= TASK PROMPT =
In the records below, the lines between the one holding "三甲港水闸雄踞人民塘上,东临" and the one holding "33-3/4″ Stainless Rear", inclusive, are to be transcribed exactly; no pictures are to be included.

--- START ---

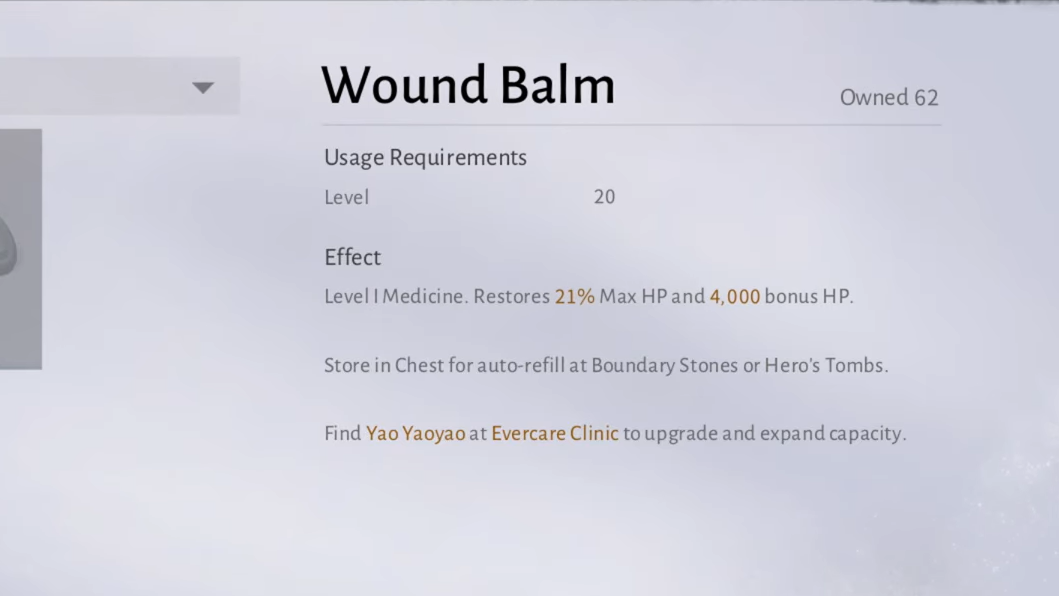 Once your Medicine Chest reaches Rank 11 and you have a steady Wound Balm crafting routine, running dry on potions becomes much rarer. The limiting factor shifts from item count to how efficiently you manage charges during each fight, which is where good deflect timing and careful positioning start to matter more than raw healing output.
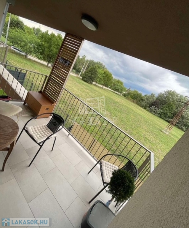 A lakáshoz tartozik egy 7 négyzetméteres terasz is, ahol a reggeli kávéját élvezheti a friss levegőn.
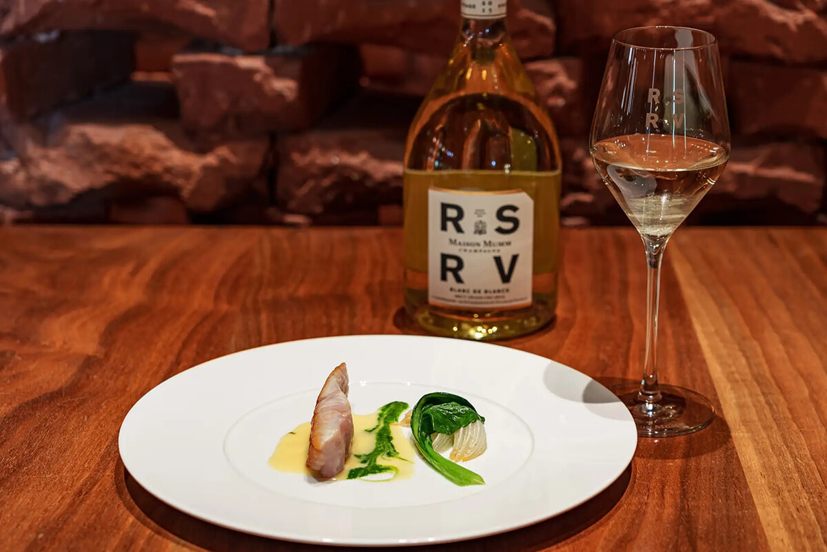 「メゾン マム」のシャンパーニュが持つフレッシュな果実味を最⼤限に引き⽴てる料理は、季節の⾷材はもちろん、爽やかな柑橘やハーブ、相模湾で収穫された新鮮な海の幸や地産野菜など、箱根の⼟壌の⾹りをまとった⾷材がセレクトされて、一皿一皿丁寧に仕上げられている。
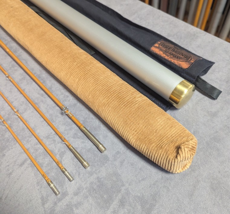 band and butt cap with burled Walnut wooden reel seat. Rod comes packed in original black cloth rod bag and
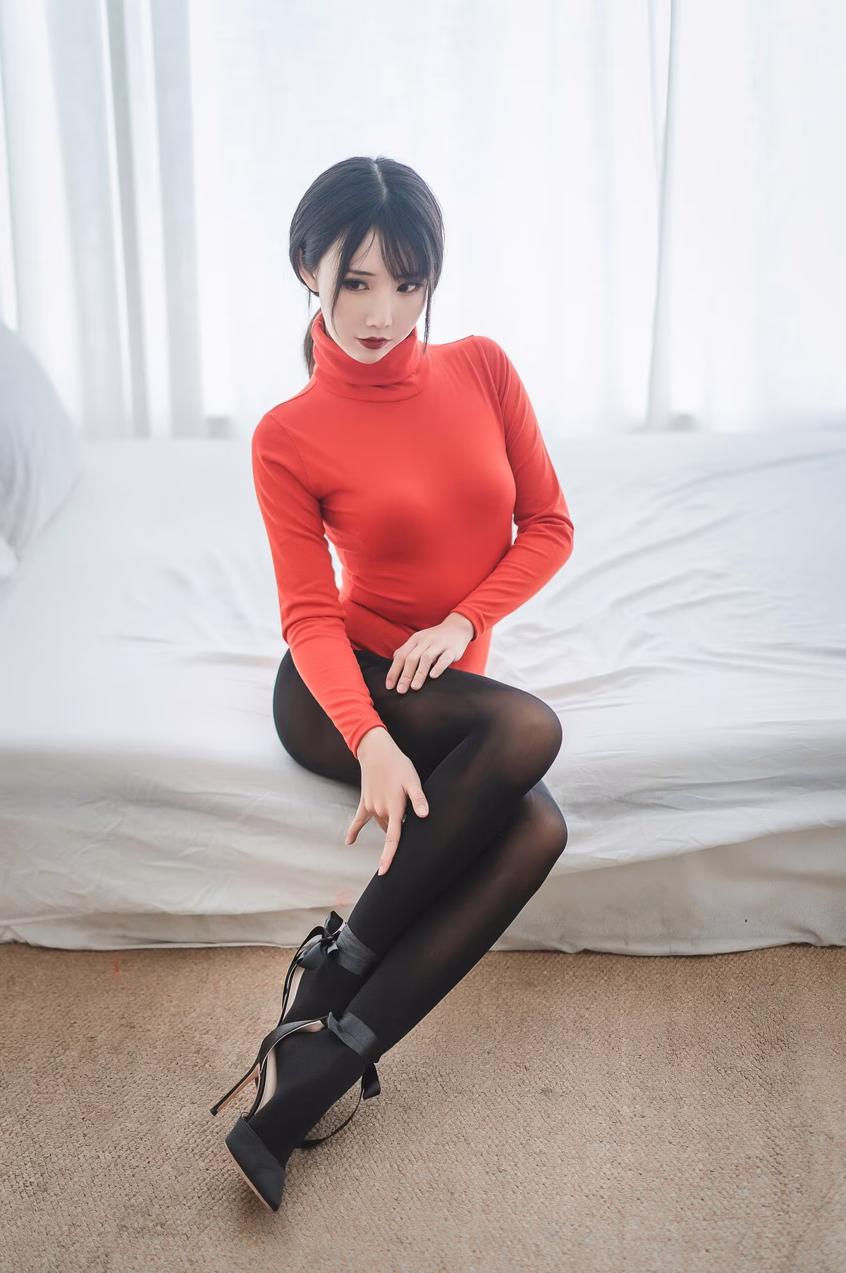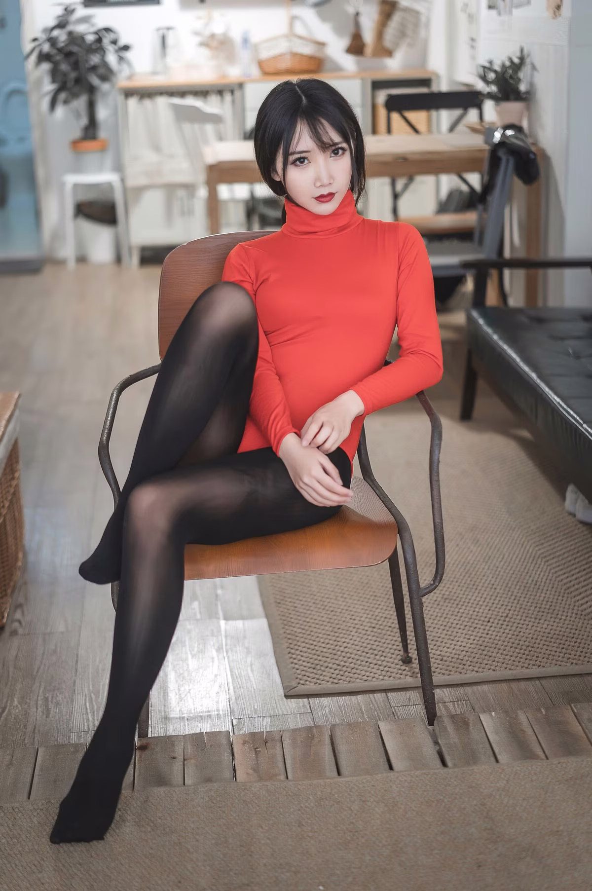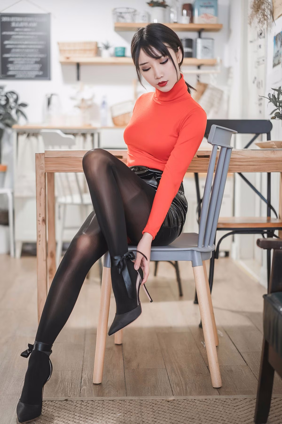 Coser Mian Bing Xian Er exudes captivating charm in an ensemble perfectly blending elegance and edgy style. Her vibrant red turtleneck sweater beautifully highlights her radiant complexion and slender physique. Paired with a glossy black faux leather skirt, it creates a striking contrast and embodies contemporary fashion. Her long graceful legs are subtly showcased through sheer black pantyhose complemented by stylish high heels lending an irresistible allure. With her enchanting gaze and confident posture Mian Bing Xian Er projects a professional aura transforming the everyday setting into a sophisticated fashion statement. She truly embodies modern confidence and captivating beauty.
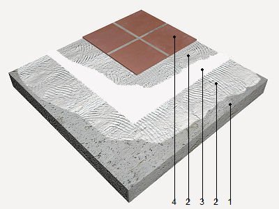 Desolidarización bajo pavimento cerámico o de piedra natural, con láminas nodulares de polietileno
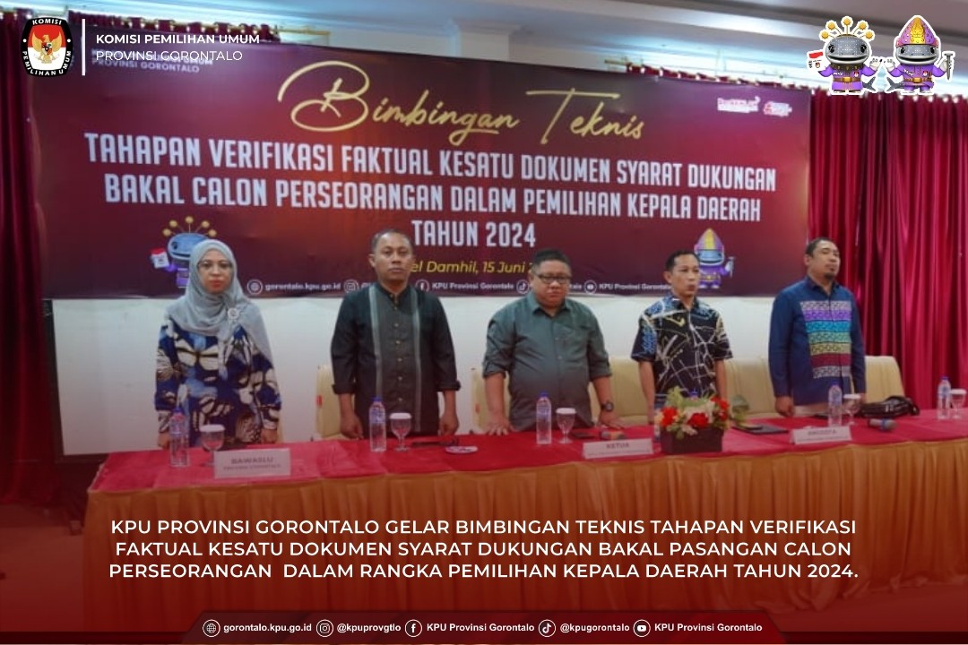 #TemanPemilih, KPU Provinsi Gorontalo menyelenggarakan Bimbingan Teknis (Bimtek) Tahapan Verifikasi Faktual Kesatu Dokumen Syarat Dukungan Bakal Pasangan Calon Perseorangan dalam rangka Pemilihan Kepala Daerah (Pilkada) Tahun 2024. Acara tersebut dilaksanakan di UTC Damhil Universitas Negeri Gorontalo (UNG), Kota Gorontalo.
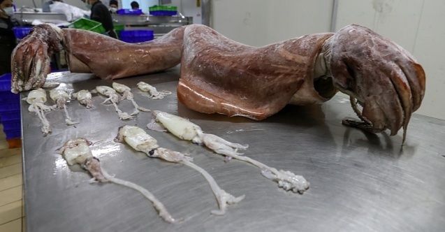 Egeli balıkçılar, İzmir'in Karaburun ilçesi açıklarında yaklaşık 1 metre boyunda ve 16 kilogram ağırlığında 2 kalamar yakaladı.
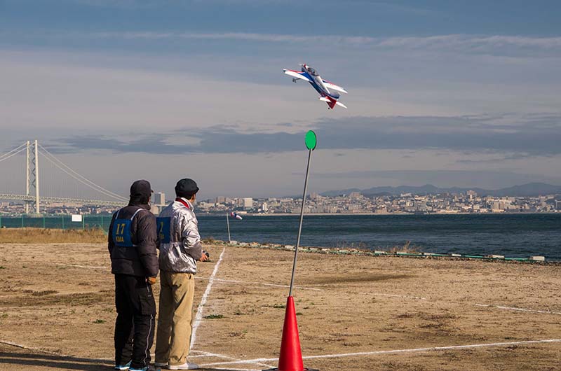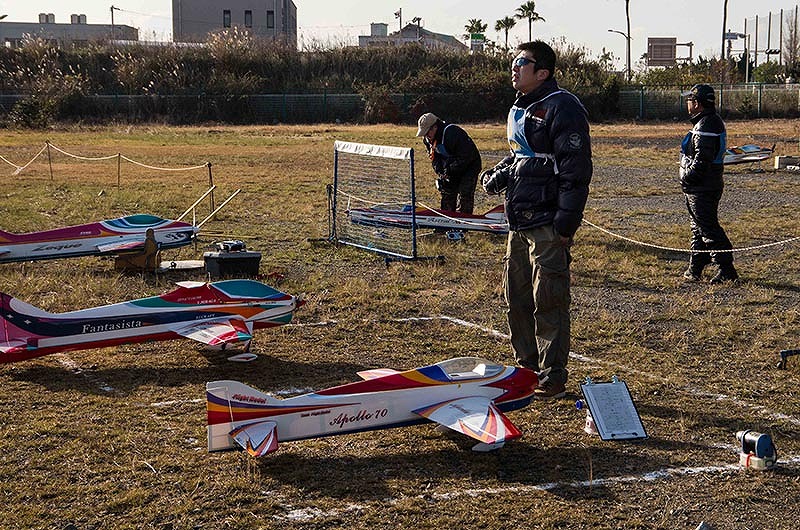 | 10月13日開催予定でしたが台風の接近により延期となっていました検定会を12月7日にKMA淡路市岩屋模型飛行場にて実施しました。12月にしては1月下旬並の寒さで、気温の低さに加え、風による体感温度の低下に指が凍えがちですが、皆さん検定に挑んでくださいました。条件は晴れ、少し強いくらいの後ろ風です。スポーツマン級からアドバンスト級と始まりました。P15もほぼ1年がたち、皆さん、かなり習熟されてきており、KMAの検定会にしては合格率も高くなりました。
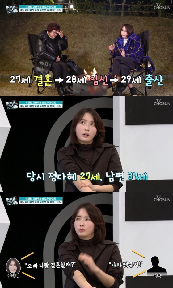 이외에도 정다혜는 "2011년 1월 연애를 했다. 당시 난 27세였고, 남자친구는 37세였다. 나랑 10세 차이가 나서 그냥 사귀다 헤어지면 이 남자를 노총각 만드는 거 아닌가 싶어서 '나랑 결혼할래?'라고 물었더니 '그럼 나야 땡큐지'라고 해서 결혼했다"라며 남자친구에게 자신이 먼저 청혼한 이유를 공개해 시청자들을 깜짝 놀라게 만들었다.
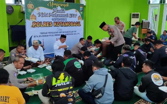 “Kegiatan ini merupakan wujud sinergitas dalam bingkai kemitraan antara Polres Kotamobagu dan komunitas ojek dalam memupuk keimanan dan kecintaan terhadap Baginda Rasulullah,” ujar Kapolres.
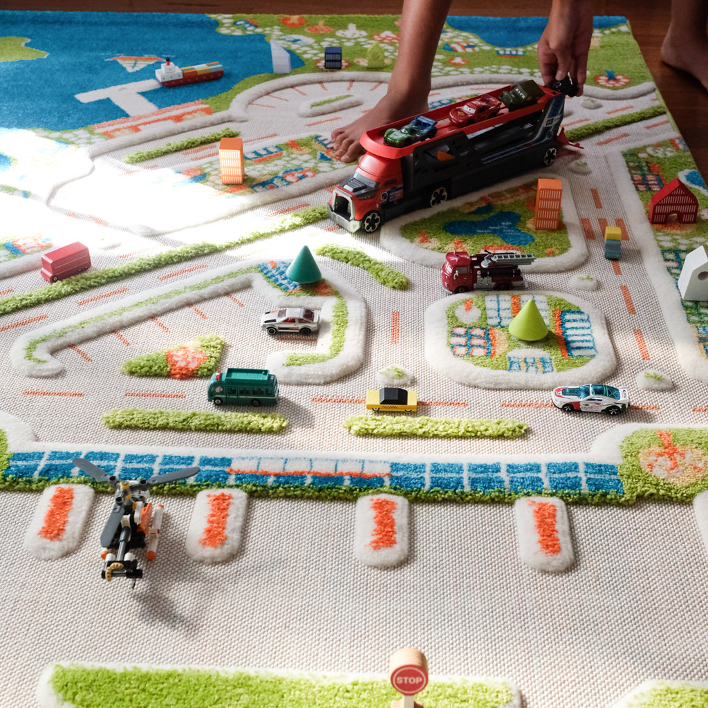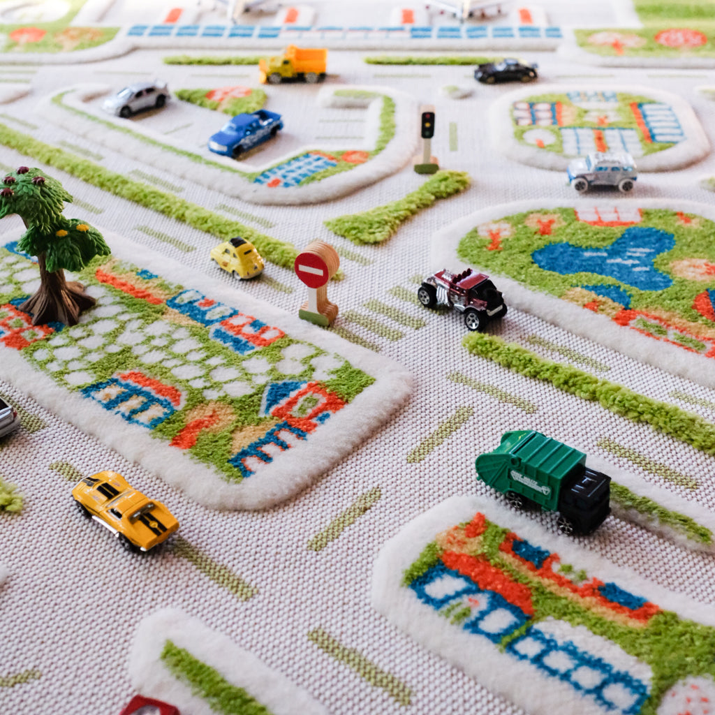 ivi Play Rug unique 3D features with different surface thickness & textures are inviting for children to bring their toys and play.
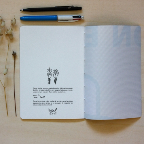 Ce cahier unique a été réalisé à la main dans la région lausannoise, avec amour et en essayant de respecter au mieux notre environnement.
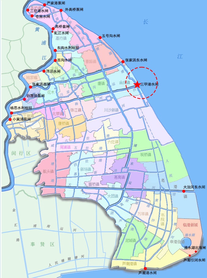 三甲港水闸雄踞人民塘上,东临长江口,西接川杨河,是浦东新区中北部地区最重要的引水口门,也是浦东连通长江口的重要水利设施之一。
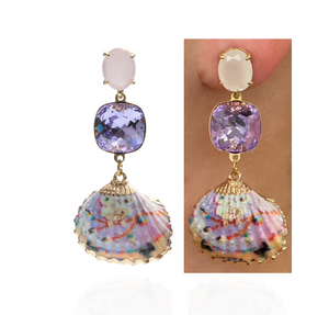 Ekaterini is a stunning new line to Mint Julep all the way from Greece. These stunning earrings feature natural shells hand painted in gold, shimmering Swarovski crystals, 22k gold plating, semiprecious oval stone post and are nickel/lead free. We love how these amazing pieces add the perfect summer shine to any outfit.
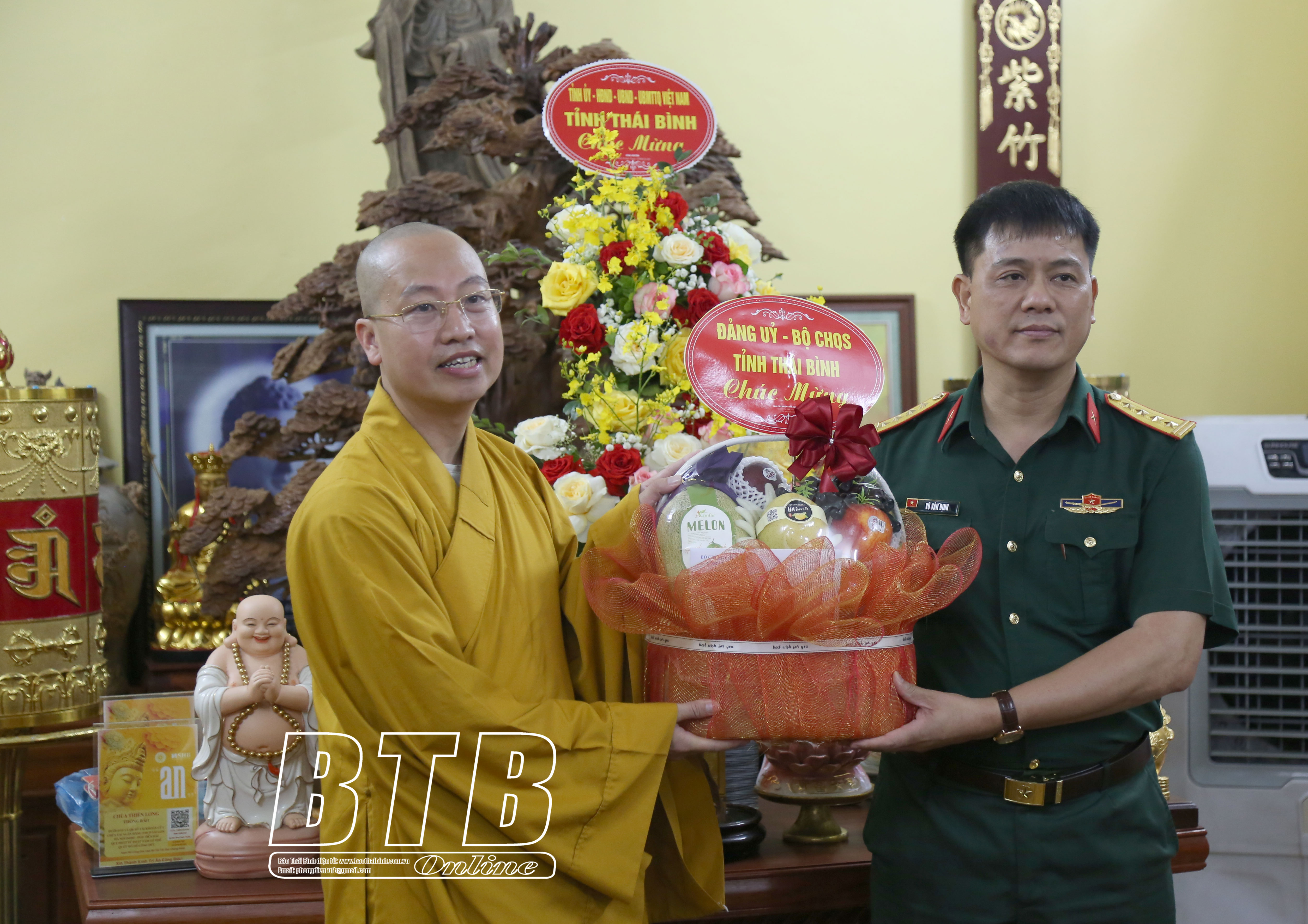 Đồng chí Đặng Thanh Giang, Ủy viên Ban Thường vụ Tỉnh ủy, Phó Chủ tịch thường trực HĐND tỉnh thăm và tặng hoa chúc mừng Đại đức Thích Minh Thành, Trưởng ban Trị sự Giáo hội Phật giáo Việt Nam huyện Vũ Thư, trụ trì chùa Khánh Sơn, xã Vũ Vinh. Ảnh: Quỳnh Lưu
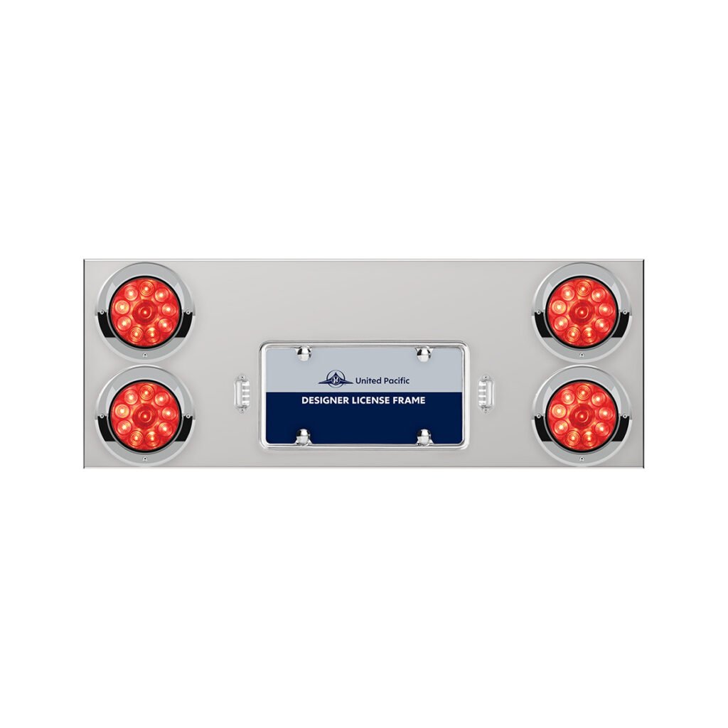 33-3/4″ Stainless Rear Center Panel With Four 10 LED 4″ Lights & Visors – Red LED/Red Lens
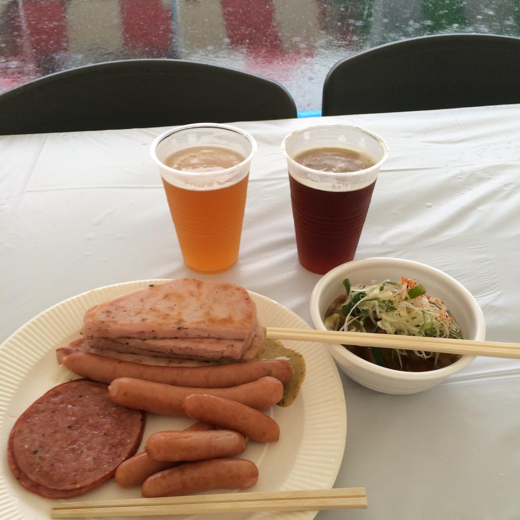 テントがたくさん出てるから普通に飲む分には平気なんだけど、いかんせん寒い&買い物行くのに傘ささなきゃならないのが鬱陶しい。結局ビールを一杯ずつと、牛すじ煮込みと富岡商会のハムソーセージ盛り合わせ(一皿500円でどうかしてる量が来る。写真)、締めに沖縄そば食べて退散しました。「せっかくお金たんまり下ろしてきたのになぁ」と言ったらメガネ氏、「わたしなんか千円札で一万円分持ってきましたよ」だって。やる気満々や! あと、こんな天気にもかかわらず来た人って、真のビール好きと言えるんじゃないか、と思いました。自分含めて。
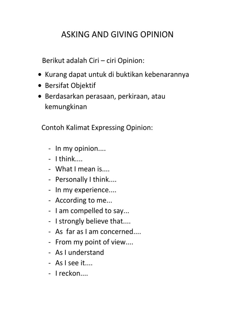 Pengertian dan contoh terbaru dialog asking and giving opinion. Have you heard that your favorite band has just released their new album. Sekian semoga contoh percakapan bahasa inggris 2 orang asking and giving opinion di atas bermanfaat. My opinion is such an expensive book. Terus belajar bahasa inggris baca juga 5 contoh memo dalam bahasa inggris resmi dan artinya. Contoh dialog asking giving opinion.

--- END ---

= RESPONSE FOR THIS EXERCISE =
 三甲港水闸雄踞人民塘上,东临长江口,西接川杨河,是浦东新区中北部地区最重要的引水口门,也是浦东连通长江口的重要水利设施之一。
 Ekaterini is a stunning new line to Mint Julep all the way from Greece. These stunning earrings feature natural shells hand painted in gold, shimmering Swarovski crystals, 22k gold plating, semiprecious oval stone post and are nickel/lead free. We love how these amazing pieces add the perfect summer shine to any outfit.
 Đồng chí Đặng Thanh Giang, Ủy viên Ban Thường vụ Tỉnh ủy, Phó Chủ tịch thường trực HĐND tỉnh thăm và tặng hoa chúc mừng Đại đức Thích Minh Thành, Trưởng ban Trị sự Giáo hội Phật giáo Việt Nam huyện Vũ Thư, trụ trì chùa Khánh Sơn, xã Vũ Vinh. Ảnh: Quỳnh Lưu
 33-3/4″ Stainless Rear Center Panel With Four 10 LED 4″ Lights & Visors – Red LED/Red Lens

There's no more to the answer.